== Requirement ==
Among the records below, find the line with "This remarkable 7BR, 5.5BA" and the line with "Размеры развернутого бокового". Set down both and every line between, exactly and with no pictures, but nothing else.

[Data provided Boundary: Start]

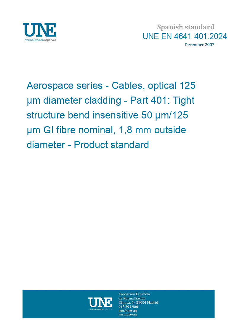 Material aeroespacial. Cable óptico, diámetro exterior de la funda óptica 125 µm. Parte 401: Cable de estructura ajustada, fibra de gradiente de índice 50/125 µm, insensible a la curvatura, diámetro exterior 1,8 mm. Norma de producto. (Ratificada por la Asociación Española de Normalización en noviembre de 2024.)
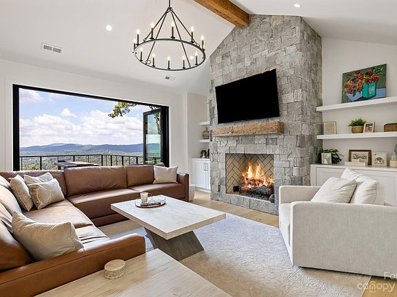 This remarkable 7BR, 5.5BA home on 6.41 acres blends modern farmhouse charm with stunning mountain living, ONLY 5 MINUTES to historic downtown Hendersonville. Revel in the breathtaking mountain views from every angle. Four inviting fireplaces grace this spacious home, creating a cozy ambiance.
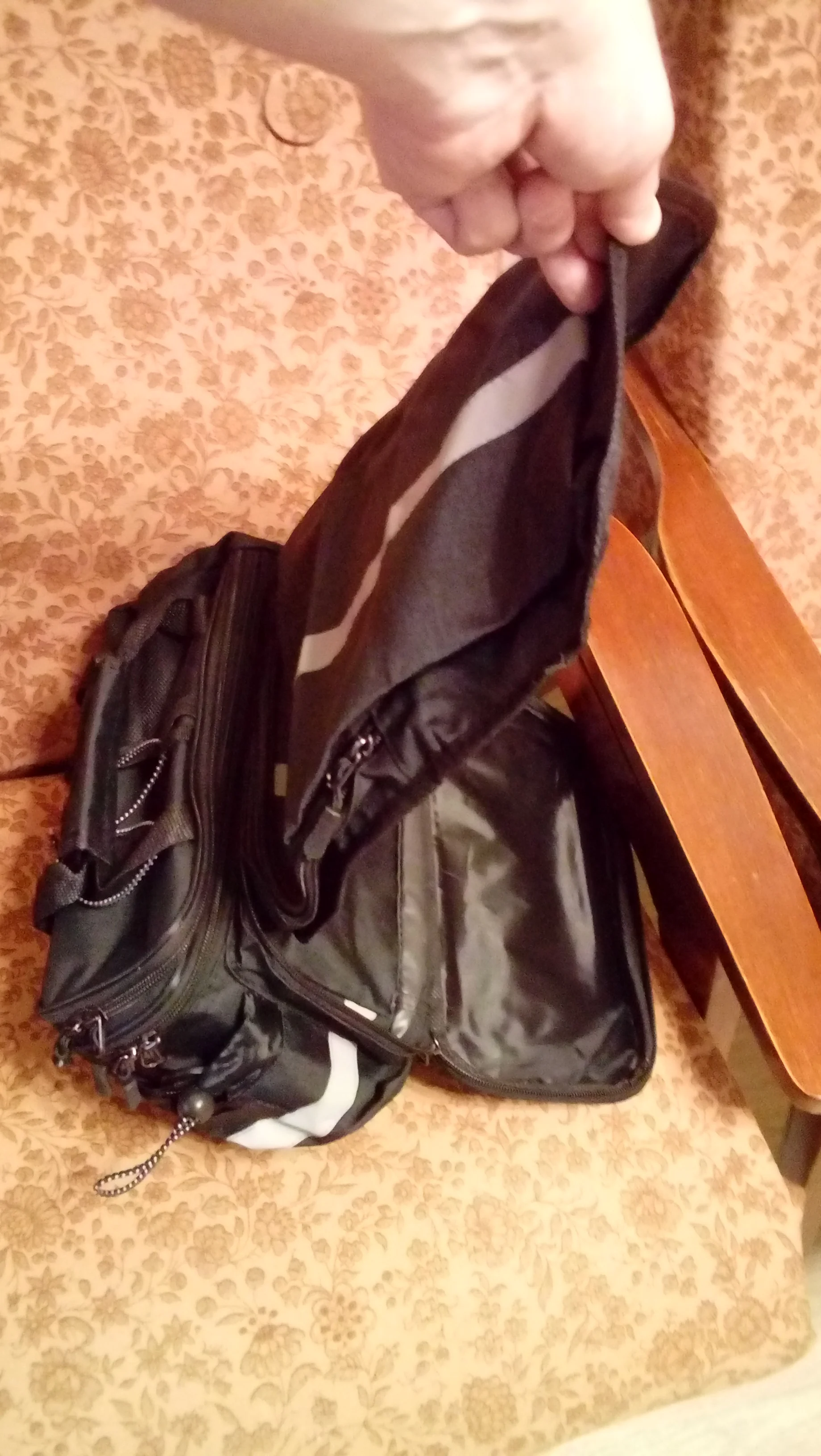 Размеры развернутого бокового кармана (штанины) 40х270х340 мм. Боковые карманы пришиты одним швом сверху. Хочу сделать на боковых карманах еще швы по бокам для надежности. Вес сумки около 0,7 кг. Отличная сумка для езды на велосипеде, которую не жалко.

[Data provided Boundary: End]
[Data provided Boundary: Start]

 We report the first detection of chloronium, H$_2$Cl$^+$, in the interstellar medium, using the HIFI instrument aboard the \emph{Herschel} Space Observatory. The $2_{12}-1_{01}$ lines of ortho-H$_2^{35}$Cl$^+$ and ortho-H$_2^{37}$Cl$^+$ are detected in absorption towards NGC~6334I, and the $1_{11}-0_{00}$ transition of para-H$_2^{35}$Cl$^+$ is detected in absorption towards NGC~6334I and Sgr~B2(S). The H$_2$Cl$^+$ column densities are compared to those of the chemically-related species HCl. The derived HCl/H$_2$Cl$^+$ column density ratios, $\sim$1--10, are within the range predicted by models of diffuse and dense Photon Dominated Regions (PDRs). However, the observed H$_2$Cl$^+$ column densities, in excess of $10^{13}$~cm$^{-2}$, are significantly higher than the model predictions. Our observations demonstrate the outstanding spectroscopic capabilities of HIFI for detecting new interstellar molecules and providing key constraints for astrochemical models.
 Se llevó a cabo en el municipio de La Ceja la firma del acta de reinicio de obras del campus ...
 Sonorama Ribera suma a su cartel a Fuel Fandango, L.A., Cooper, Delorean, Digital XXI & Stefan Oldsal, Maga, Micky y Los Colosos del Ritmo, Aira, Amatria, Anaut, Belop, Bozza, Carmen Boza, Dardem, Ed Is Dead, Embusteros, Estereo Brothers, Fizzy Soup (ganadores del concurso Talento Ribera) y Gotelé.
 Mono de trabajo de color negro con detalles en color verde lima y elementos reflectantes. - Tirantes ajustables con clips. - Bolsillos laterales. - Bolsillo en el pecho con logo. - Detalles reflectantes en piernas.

[Data provided Boundary: End]
[Data provided Boundary: Start]

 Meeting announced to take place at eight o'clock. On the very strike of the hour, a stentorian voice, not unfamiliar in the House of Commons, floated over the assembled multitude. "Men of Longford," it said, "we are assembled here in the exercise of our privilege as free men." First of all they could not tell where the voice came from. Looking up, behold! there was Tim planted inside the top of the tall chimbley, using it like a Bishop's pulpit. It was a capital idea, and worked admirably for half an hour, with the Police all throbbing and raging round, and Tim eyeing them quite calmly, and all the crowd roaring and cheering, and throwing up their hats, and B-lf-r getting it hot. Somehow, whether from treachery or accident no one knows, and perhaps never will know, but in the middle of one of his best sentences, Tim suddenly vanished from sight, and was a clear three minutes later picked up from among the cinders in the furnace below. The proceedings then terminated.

[Data provided Boundary: End]

== Answer to this problem ==
 This remarkable 7BR, 5.5BA home on 6.41 acres blends modern farmhouse charm with stunning mountain living, ONLY 5 MINUTES to historic downtown Hendersonville. Revel in the breathtaking mountain views from every angle. Four inviting fireplaces grace this spacious home, creating a cozy ambiance.
 Размеры развернутого бокового кармана (штанины) 40х270х340 мм. Боковые карманы пришиты одним швом сверху. Хочу сделать на боковых карманах еще швы по бокам для надежности. Вес сумки около 0,7 кг. Отличная сумка для езды на велосипеде, которую не жалко.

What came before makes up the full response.